The California Attorney General may also bring a civil action against any entity violating the act. Specifically, the CCPA provides that “any business, service provider, or other person that violates this title shall be subject to an injunction and liable for a civil penalty of not more than two thousand five hundred dollars ($2,500) for each violation or seven thousand five hundred dollars ($7,500) for each intentional violation, which shall be assessed and recovered in a civil action brought in the name of the people of the State of California by the Attorney General.”
To avoid these harsh penalties in the event of an action by the Attorney General for CCPA noncompliance, or by an individual in the event of a data breach, businesses need to ensure that they comply with the CCPA’s provisions and maintain sufficient security and protection of personal information.
New Challenges for Businesses in 2023
The California Privacy Rights Act (CPRA), which is commonly referred to as “CCPA 2.0,” is a ballot initiative that amended and expanded the CCPA. Most of the CPRA provisions that extensively expand the CCPA are set to become effective on Jan. 1, 2023. On Aug. 31, 2022, the final day of the 2022 California legislative session, the legislature failed to extend exemptions that would have excluded certain employee and human resource-related information collected within the business context from the purview of the CCPA.

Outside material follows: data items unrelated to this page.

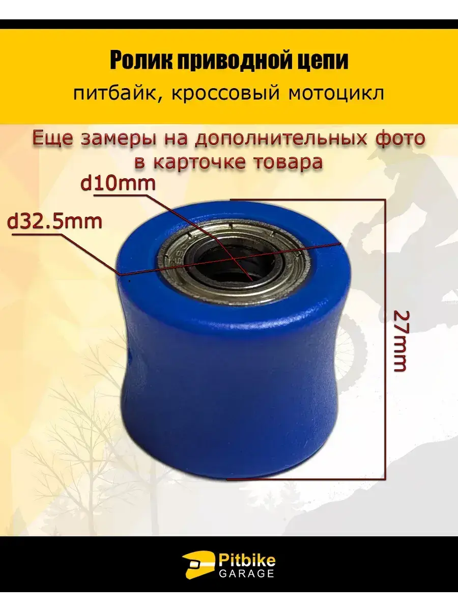 Ролик натяжителя цепи / Ролик приводной цепи для питбайка, мотоцикла, эндуро, кросса (с подшипниками) — универсальный, синий, полиуретан
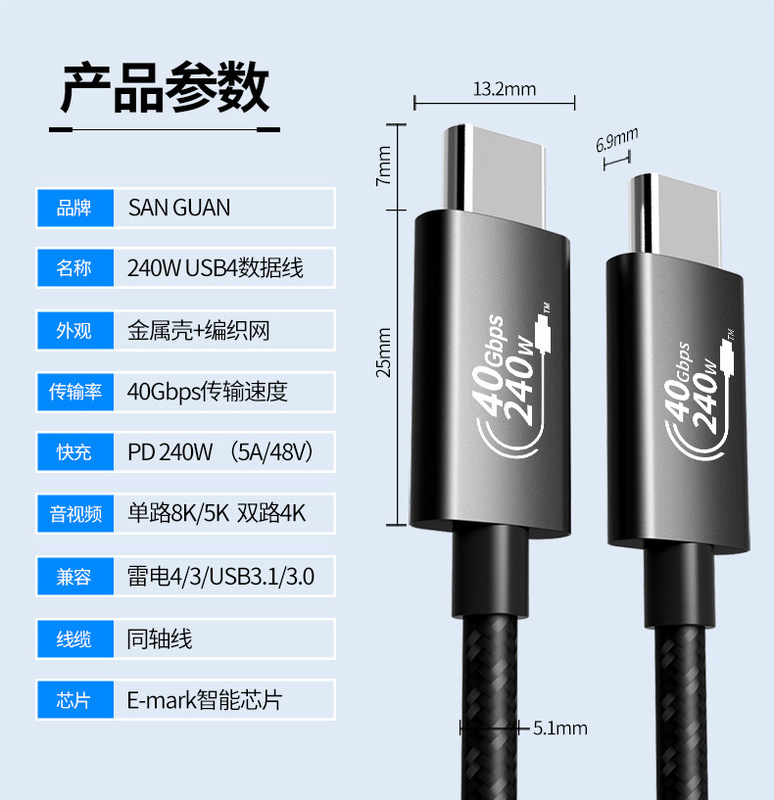 - 型號:0.2米黑灰網同軸(40Gbps+8K60Hz+240W)
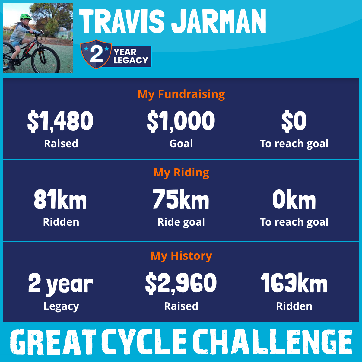 81 km Ridden$1,480 Raised2026
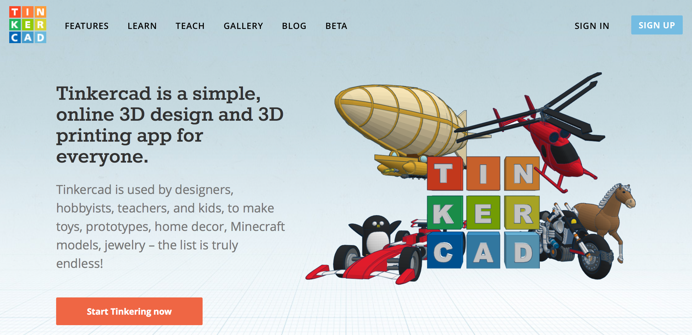In this class, we'll be using Tinkercad for all the 3D design work. It's free and browser based, so you can use it on any computer or tablet. It's an easy, fun, intuitive 3D modeling program that's great for designing objects for 3D printing.
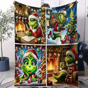 Festive Grinch Christmas Scenes Collage Pattern Multipurpose Throw Blanket
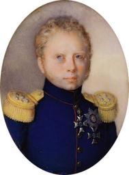 Keywords: Wilhelm I von Württemberg by Johann Michael Holder.jpg Artwork en King William I of Württemberg 1781-1864 in blue uniform with red piping and gold epaulettes wearing the cross of the Royal Württembergian Order of Frederick founded 1830 the badge of the Royal Württembergian Order of Military Merit and one other badge; sky background < 1861 miniature ivory unknown Christie's online 5160988 other versions PD-old-100 Johann Michael Holder 19th-century portrait paintings location missing 1830c William I of Württemberg 1830c 19th-century portrait paintings not categorised by year Male 19th-century oval portrait miniatures of men at bust length 1830c 19th-century portraits in military uniforms 1830c Badges of chivalric orders in portrait paintings 1830c Blue clothing in art male 1830c Paintings on ivory Stars of chivalric orders in portrait paintings 1830c |
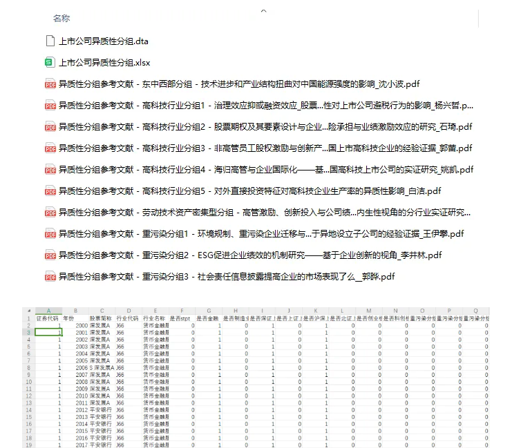 2000-2023年上市公司异质性分组、实证论文异质性检验、上市公司行业分组检验
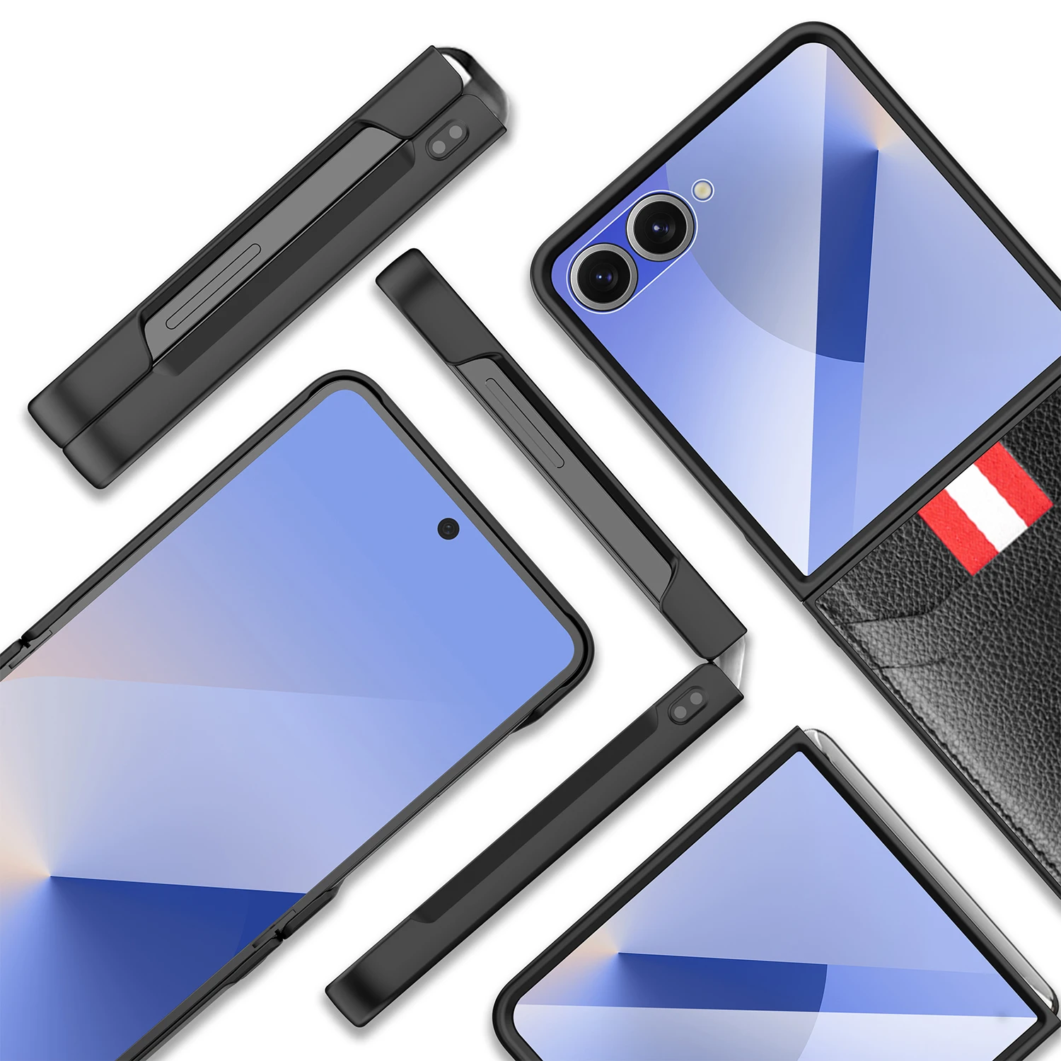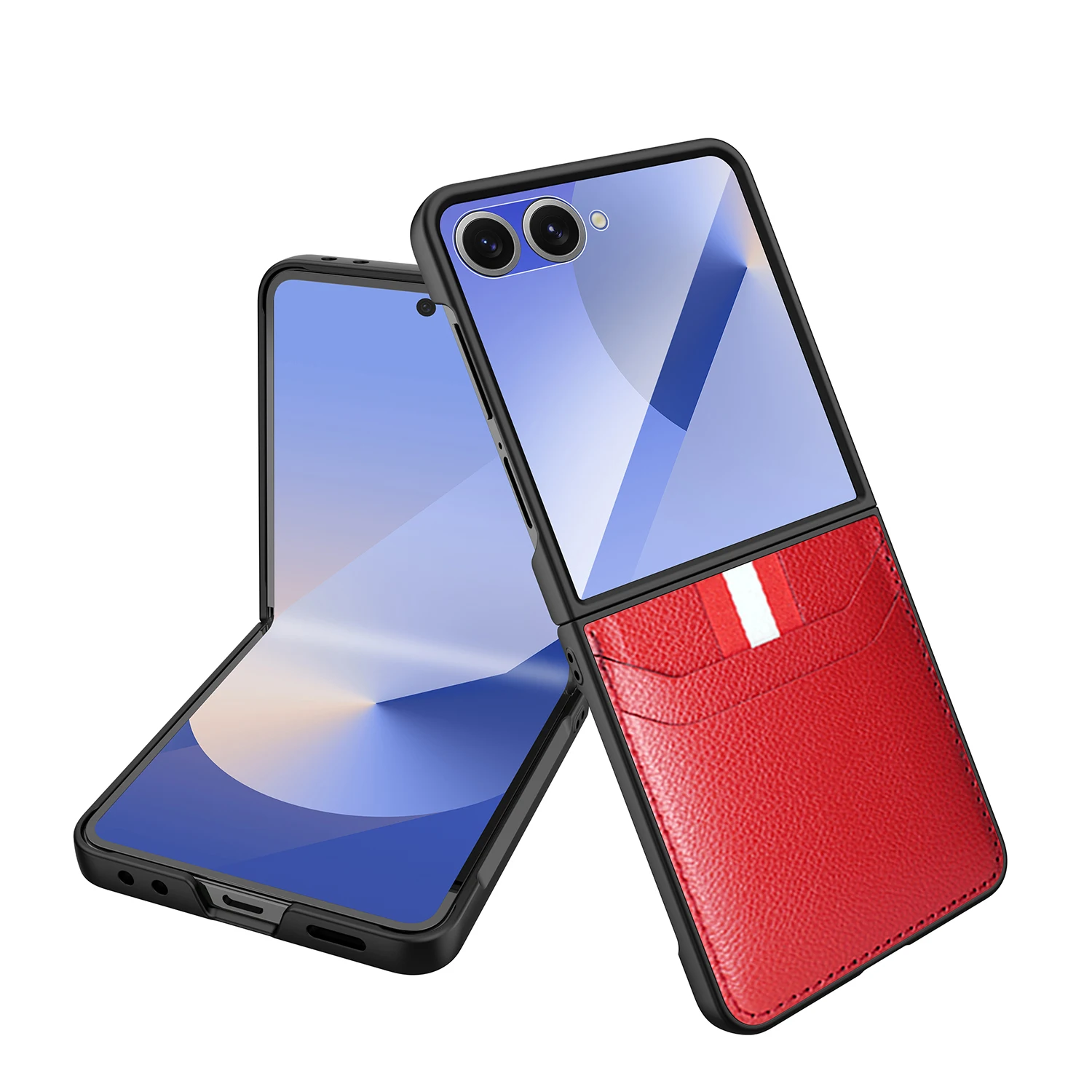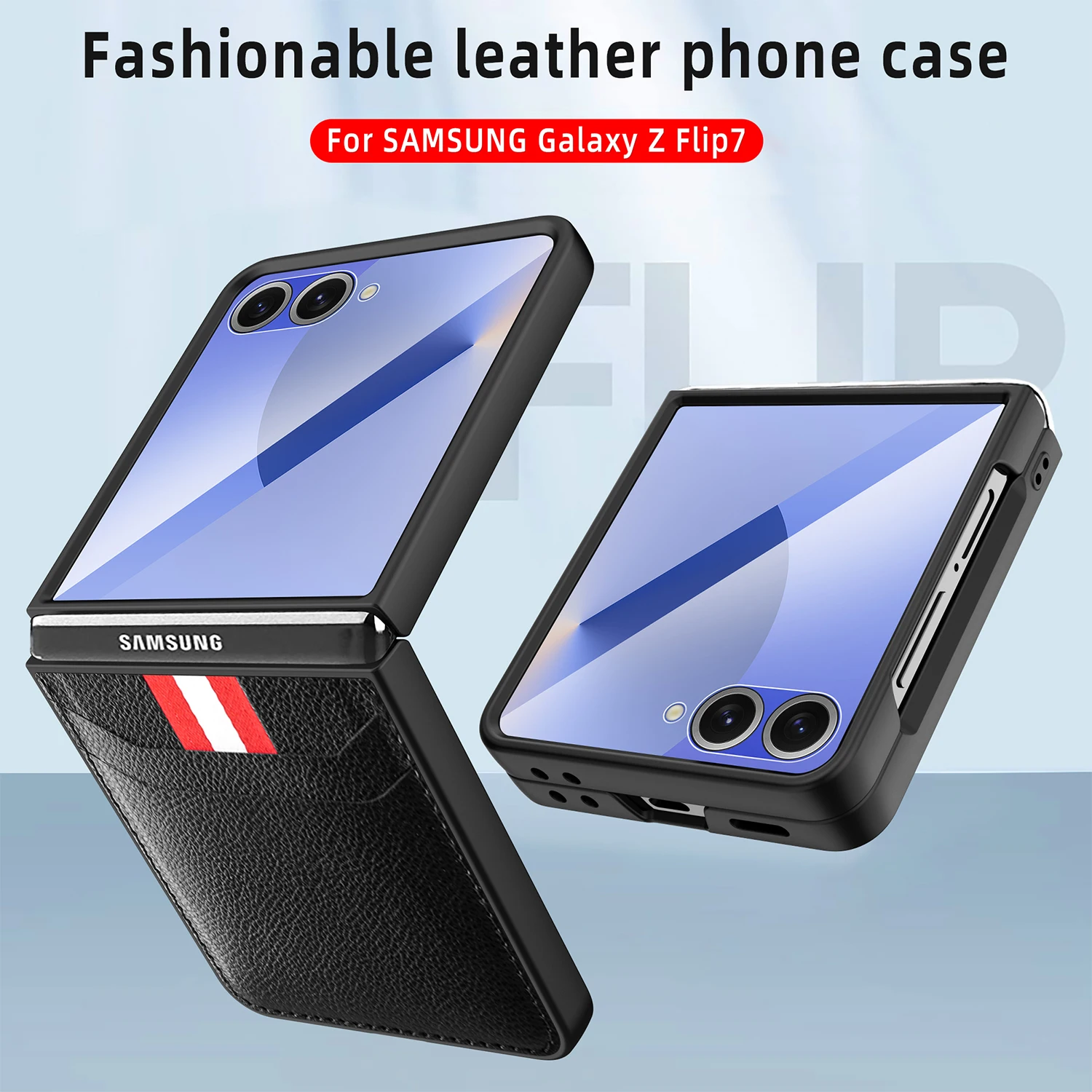 Para Samsung Galaxy Z Flip 7 funda de lujo Lichee PU cuero piel tarjeta funda protectora trasera para Samsung Z Flip 7 6 5 4 Shell

Under the current version of the CCPA, California employment laws permit employees to access their payroll records, employment agreements and personnel file. However, under the CPRA, “personal information” means “information that identifies, relates to, describes, is reasonably capable of being associated with, or could reasonably be linked, directly or indirectly, with a particular consumer or household.” In the employee context, this could include a myriad of data such as emails, instant messages, performance reviews, data on employer networks and employee-issued laptops, calendars, geolocations, and more. Further, the CPRA provisions include information collected from independent contractors and job applicants.
Thus, starting on Jan. 1, 2023, employees, job applicants, and independent contractors will be able to submit CCPA/CPRA requests to know, correct, delete, or opt out of the sale of their personal information. Employment-related subjects can also request to limit the use of sensitive personal information. In addition to complying with CCPA/CPRA requests, businesses will also be subject to new requirements relating to disclosures to applicants, independent contractors, and employees. Beginning Jan. 1, 2023, businesses will need to: provide explanation of how long various categories of personal information will be kept; identify the categories of sensitive information that is collected; and, if that sensitive information is being sold, they must provide employment-subjects with a web address to exercise and opt-out of the sale of such information.
These broad provisions of the CCPA likely represent an expanding scope of requirements for all businesses when it comes to data privacy. Lawmakers across the country acknowledge that respecting consumer privacy is important. Other states are beginning to follow California’s lead, and seek to enforce data privacy requirements for all businesses in their purview.